You will notice the "unfair" practices are *SPECIFIED * ... it is not the "unfair" that makes something illegal it is the "specified".

And Carolinian does not get to do the specifying - simple really.


----------



## Carolinian

Beefnot said:


> With RCI, you know before you deposit what TPUs you will be given. It is not a blind deposit.



. . . but it is blind as heck as to what you will get in return if you use a search, and the best weeks usually require searchs.  You only look at one side of the equation.


----------



## Beefnot

Carolinian said:


> . . . but it is blind as heck as to what you will get in return if you use a search, and the best weeks usually require searchs.  You only look at one side of the equation.



That is no different than with any other exchange company.


----------



## Carolinian

Don't know where you pulled this quote from, as you don't reference it.  Probably somewhere inherently unreliable like Wikipedia.  Whoever wrote it sound like they have never pulled down a statute book and actually read one of these laws.

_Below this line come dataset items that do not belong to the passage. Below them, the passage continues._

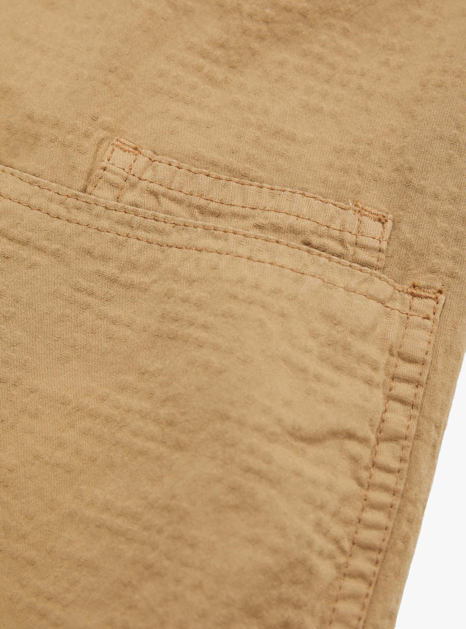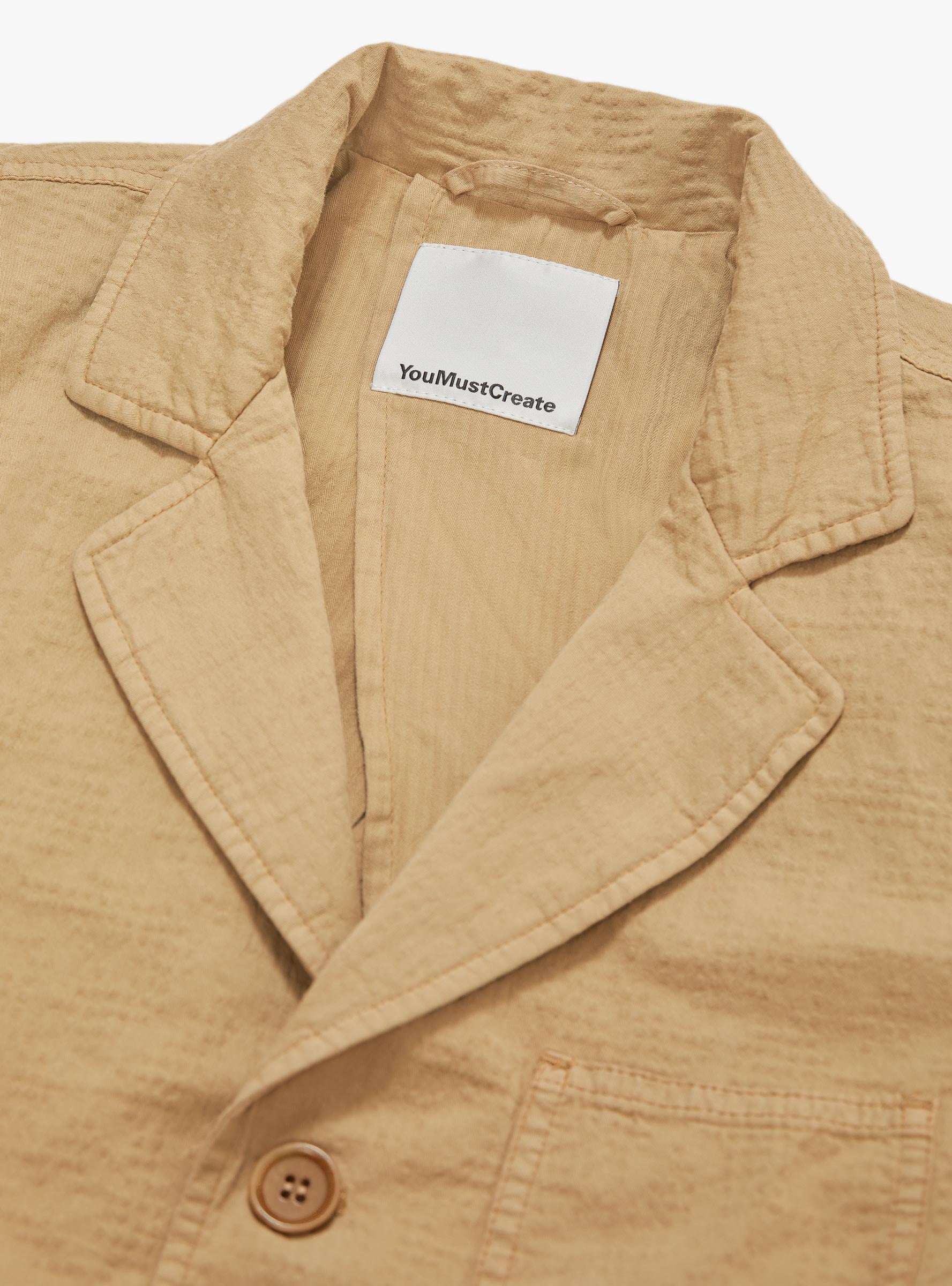 The Scuttlers Jacket by YMC is a relaxed-fit design made from Italian jacquard weave cotton. It features a notch lapel, single-breasted button placket, and chest and lower front patch pockets. The jacket is half-lined and garment dyed.
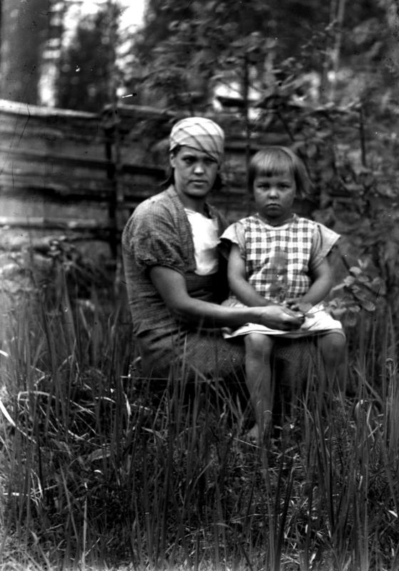 Senja Heikkola, (os. Auraniemi, myöh. Räntilä) tytär Saima sylissä Valokuvaaja Heikki Heikkola Kuvakoko 83x60
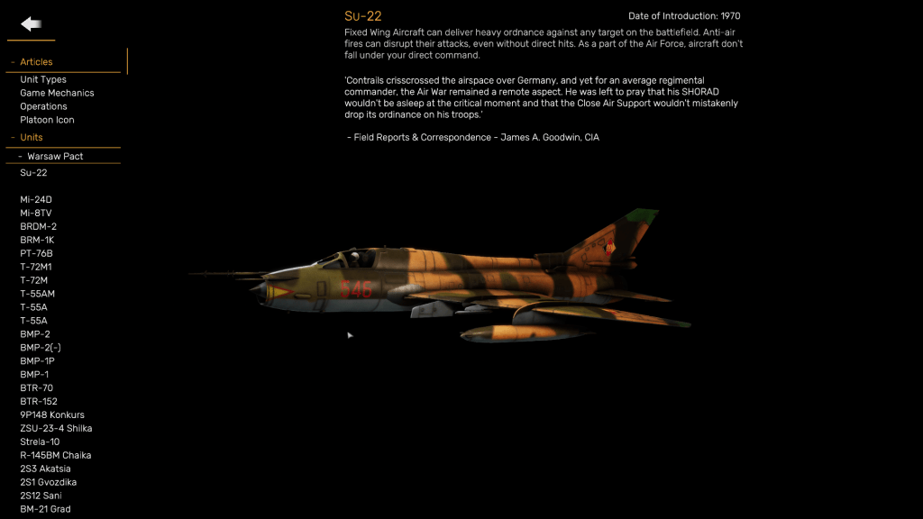 As in any World War III land combat simulation that depicts warfare at the tactical level, Regiments also gives players the opportunity to employ support units tasked with scouting, fire support, air defense, and even simple logistics. There are also combat engineers, helicopters (both scout and attack), and dedicated ground attack aircraft such as the Russian-made Sukhoi Su-22 and the American A-10A Thunderbolt II, aka Warthog.

I suggest you educate yourself by reading the actual statutes.  Most, possibly all do NOT ''specify'' unfair practices.  They just use the word ''unfair'' which is very broad.  That's what the New Jersey law, that RCI was sued under, does, and that is what the North Carolina law does.  Fraud has specific elements that have to be proven, but the statutes give the court broad discretion to determine what is ''unfair'' or ''deceptive''.  And as I have said before, it is up to the court, not RCI or RCI's cheerleading squad, to determine what is ''unfair'' or ''deceptive''.

As to one of RCI's major transgressions, its rentals to the general public, I think amendment of some other state statutes would be in order.  The laws on exchange company disclosures that have to be signed by those who purchase from developers were written in the era when exchange companies only provided exchanges.  Rewriting these laws to require exchange companies to make very detailed disclosure of their rental to the public activities would probably sink lots of developer sales and send developers either to jerk RCI's chain very very hard to stop this practice, or to jump to II.
Full disclosure would shine a light somewhere that buyers need to take a look at and would help break up the exchange company malpractice of renting exchange deposits to the general public.




ampaholic said:


> "Consumer protection consists of laws and organizations designed to ensure the rights of consumers as well as fair trade competition and the free flow of truthful information in the marketplace. The laws are designed to prevent businesses that engage in fraud or *specified unfair practices* from gaining an advantage over competitors and may provide additional protection for the weak and those unable to take care of themselves."
> 
> You will notice the "unfair" practices are *SPECIFIED * ... it is not the "unfair" that makes something illegal it is the "specified".
> 
> And Carolinian does not get to do the specifying - simple really.


----------



## Beefnot

I believe you are correct about unfair practices not needing to have been previously specified.  I also edited your quote for completeness.



Carolinian said:


> I suggest you educate yourself by reading the actual statutes.  Most, possibly all do NOT ''specify'' unfair practices.  They just use the word ''unfair'' which is very broad.  That's what the New Jersey law, that RCI was sued under, does, and that is what the North Carolina law does.  Fraud has specific elements that have to be proven, but the statutes give the court broad discretion to determine what is ''unfair'' or ''deceptive''.  And as I have said before, it is up to the court, not RCI or RCI's cheerleading squad _or the relentlessly crazed RCI haters like myself_, to determine what is ''unfair'' or ''deceptive''


----------



## ronparise

Back to our original post

The op deposited a week with RCI and received 26 tpu for that week. Presumably sometime later he will use those tpu to resereve a week or two or three 

Presumably he has taken a look at what weeks are available and what 26 tpu would buy and went forward with that deposit either because of what he can get for it (or in spite of it)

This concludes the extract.